The test will reflect coverage of material
in the course, so please review the course slides, homeworks and quizzes.
With the exception of a few questions on general notions (see below), the
test questions will be similar to quiz and homework problems that require
understanding of the material.
On the midterm, there will be NO questions concerning the
Poisson or geometricprobability distributions. There WILL BE
questions on the binomial and hypergeometric distributions. You will have to
use Mathematica to solve a system of differential equations, so please review
class notes and homework for Week 2, when we covered how to model the spread
of an epidemic and how to solve a system of differential equations using
Mathematica (see also the related problems on logistic model for bacterial growth,
etc.).
Concepts to review include the following.
-
GENERAL NOTIONS: Concepts
from molecular biology and biochemistry covered in the notes
chap0_intro.pdf and in notes from other chapters:
Crick's central dogma, examples of violations to the central dogma,
CRISPR-Cas system, year of publication of Watson and Crick's paper on DNA
structure (1953), year of completion of sequencing of human genome (2003),
name of first bacterium sequenced (Haemophilus influenzae 1995),
name of first eukaryote sequenced (S. cerevisiae 1996),
genome size of HIV-1, genome size of Haemophilus influenzae,
genome size of Saccharomyces cerevisiae,
genome size of Homo sapiens, description of how Sanger sequencing works,
what dideoxynucleotides are and how they are used in Sanger sequencing,
what shotgun sequencing is, what is the start codon or codon of methionine
(AUG), be able to name at least one stop codon (UAG,UAA, UGA),
name 2 hydrophobic amino acids,
name 2 hydrophilic (polar) amino acids,
name 2 negatively charged amino acids,
name 2 positively charged amino acids,
what is the smallest amino acid and what is its sidechain (glycine with
sidechain of hydrogen atom).
what is the sidechain of alanine (methyl group CH3),
know all IUPAC nucleotide codes and important amino acid codes,
know difference an an example of orthologous and of paralogous genes,
know that the GC-content is the compositional frequency of G plus that of C,
know what lower and higher numbers mean for both PAM and BLOSUM family
matrices, be able to construct a "toy" BLOSUM matrix as done in the notes
by computing the log odds score log( p(xy)/q(x)q(y) ).
-
Elementary Combinatorics and Probability: Combinations and permutations
("n choose k"), binomial distribution, hypergeometric distribution,
Poisson distribution, the expected number of times that you need to flip
a coin having heads probability 1/8 in order to get the first heads,
expected number of occurrences of a motif
(such as TATAAA) in a genome of size N having compositional frequency
p(A), p(C), p(G), and p(T).
-
Differential equation models with Mathematica: modeling
epidemics using the SIR-model and its extensions, how to solve differential
equations or systems of differential equations that model biological
phenomena (prey-predator, number of bacteria, number of tumor cells, etc.)
using Mathematica.
-
Linkage disequilibrium (LD):
How to compute value D of linkage disequilibrium
for genotype data of diploid organisms (e.g. human in a sample as we've done
in class and a quiz), normalized linkage disequilibrium D', test statistic
n ρ2 to test whether linkage disequilibrium D is
statistically significant, by using χ2 distribution with one
degree of freedom, test statistic
for T-test of equality of two sample means.
-
Sequence Alignment: Global pairwise alignment (Needleman-Wunsch).
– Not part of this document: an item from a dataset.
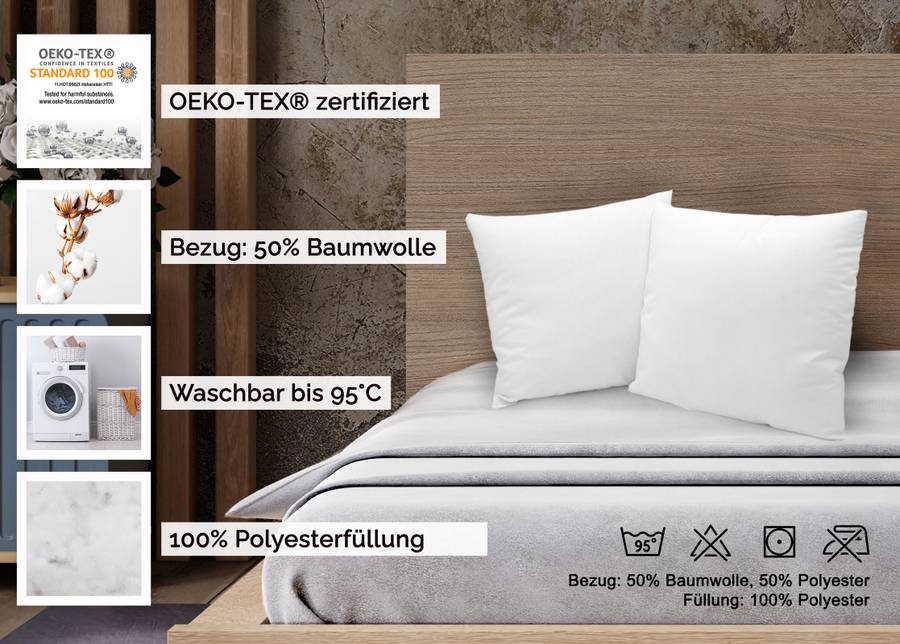 Дышащая подушка в практичном комплекте из двух доступна во многих размерах. Дышащая наволочка изготовлена из 50% хлопка и 50% полиэстера. Для индивидуального наполнения мягкий чехол оснащен застежкой-молнией и прошит ромбовидной стежкой. Только размеры 35x40 см и 40x40 см не имеют молнии и ромбовидной стежки. Полиэфирные волокна обеспечивают стабильность формы, не скатываясь. Подушки просты в уходе, их можно стирать при температуре 95°C и сушить в сушильной машине. Это означает, что даже люди, страдающие аллергией, смогут получить заслуженный отдых. После стирки дайте подушкам полностью высохнуть, чтобы защитить наполнитель от сваливания.

Local pairwise alignment (Smith-Waterman). How to construct a path matrix
for local and global alignment with linear gap penalty. Know what the affine
gap penalty is and how to score an alignment with the affine gap penalty.
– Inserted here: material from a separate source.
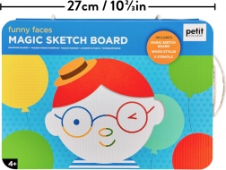 Tato kreslící tabulka má kompaktní rozměry 27x19x1 cm a obsahuje snadno použitelnou tužku připevněnou k tabulce šňůrkou. Díky mizítku a šablonám mohou děti snadno proměnit své nápady v nové výtvory!

Know how to score a semi-global alignment -- i.e. where end gaps are not
counted but interior gaps are counted.
-
Graph Theory:
Definitions of directed and undirected graphs, of simple graphs, of connected
graphs, of Hamiltonian cycles and paths, of Eulerian cycles and paths.
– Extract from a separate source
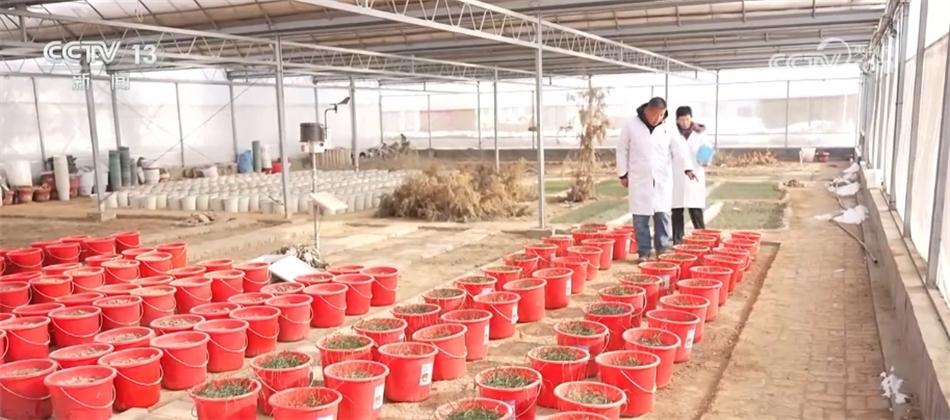 在位于河北省南皮县的中国科学院南皮生态农业试验站,不同的旱碱麦品种被分类种在不同的试验盆中,科研人员根据不同地区的盐碱地土壤、盐分、水分进行划分,运用不同的肥料进行种植管理,以此来收集不同条件下影响旱碱麦生长的数据。

Euler's theorem on the existence of Eulerian paths and cycles. How to
construct an Eulerian cycle or path.
Sequence assembly using DeBruijn graphs with application of Euler's
construction. Sequence assembly by constructing a Hamiltonian path or
cycle from k-mer data.
-
Origin of replication (oriC):
G-C skew, cumulative skew, how to predict
G-C raw skew and cumulative skew from knowledge of location of the oriC
and on which strand most genes are transcribed.
-
PSSMs, weight matrices:
Position-specific scoring matrices, position-specific entropy,
maximum entropy, information (maximum entropy minus entropy),
relative entropy, accuracy, sensitivity, specificity,
positive predictive value, etc.
Example questions
General
Crick's proposed Central Dogma states that the "information flow"
in a cell is from DNA to RNA to protein; i.e. DNA -> RNA -> protein, where
each of the arrows cannot be reversed. Describe a violation of the
Central Dogma.
Solution:
The CRISPR/Cas system in prokaryotes involves (1) bacterial proteins
that extract viral DNA, which is incorporated into the CRISPR array
region of the bacterial genome, and (2) transcription of the polycistronic
CRISPR RNAs with subsequent cleavage and incorporation into proteins that
recognize and cleave viral DNA which hybridizes with the CRISPR RNA.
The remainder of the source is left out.